> **What the exercise asks**: Write out only the lines from the start of the entries up to and including the line with "65 cv de silence, 4 temps d'économie"; please skip the pictures.

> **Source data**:
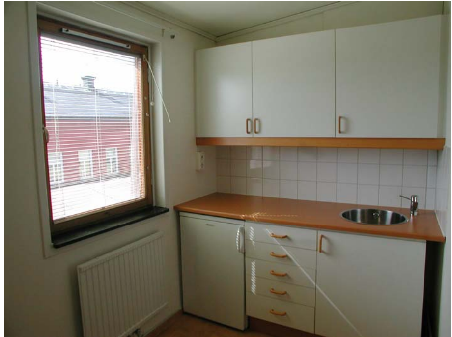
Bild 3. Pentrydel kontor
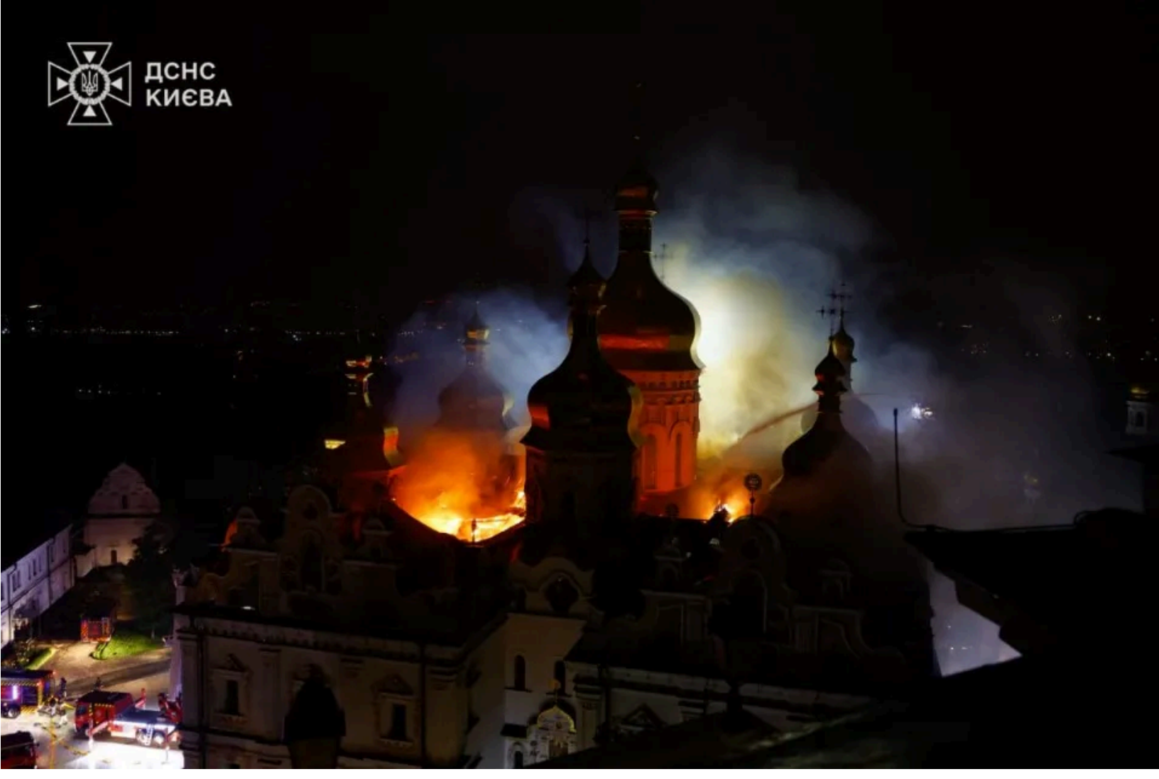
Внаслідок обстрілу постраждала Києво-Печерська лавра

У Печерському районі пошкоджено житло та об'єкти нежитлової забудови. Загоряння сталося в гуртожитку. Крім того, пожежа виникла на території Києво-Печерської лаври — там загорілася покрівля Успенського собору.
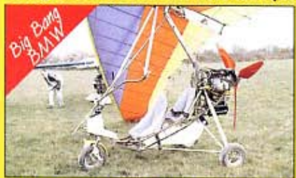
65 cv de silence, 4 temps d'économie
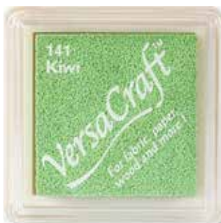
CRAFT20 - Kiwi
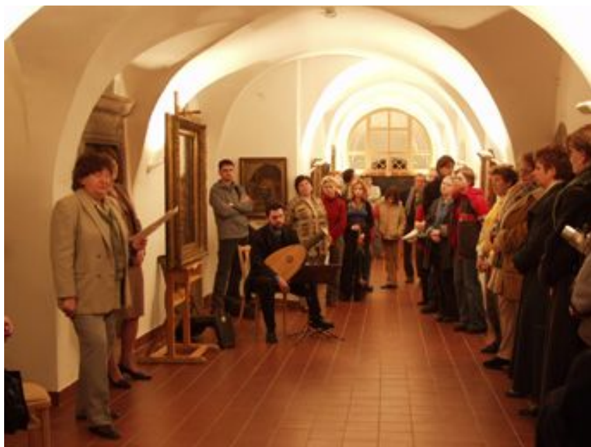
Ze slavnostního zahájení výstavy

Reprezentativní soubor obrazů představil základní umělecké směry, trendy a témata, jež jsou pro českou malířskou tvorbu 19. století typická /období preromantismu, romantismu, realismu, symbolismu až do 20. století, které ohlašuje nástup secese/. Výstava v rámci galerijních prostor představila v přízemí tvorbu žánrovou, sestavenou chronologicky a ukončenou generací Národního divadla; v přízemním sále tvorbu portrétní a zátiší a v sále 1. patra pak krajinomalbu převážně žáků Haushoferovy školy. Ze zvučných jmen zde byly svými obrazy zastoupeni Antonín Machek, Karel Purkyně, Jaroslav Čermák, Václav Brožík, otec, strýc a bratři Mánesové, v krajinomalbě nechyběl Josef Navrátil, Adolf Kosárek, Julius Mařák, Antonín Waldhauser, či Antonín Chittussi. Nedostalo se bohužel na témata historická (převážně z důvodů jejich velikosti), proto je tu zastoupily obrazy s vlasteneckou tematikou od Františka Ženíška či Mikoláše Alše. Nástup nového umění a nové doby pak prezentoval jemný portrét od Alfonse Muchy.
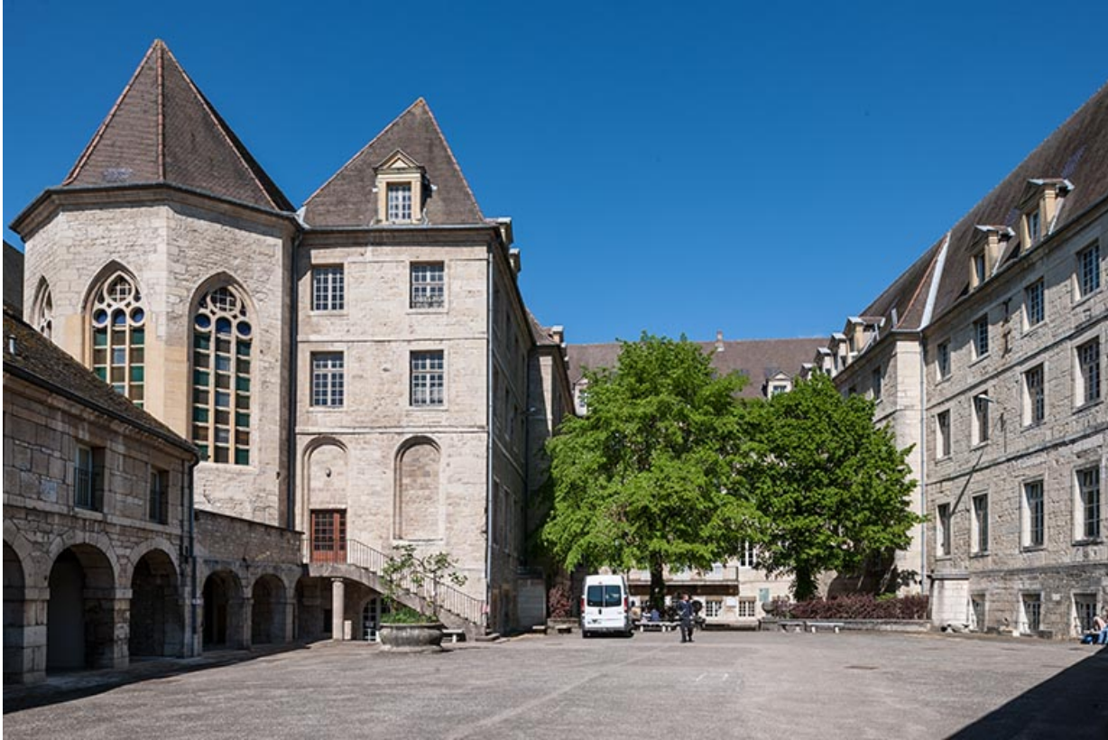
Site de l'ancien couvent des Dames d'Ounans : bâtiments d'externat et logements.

> **Answer space**:
Bild 3. Pentrydel kontor
Внаслідок обстрілу постраждала Києво-Печерська лавра

У Печерському районі пошкоджено житло та об'єкти нежитлової забудови. Загоряння сталося в гуртожитку. Крім того, пожежа виникла на території Києво-Печерської лаври — там загорілася покрівля Успенського собору.
65 cv de silence, 4 temps d'économie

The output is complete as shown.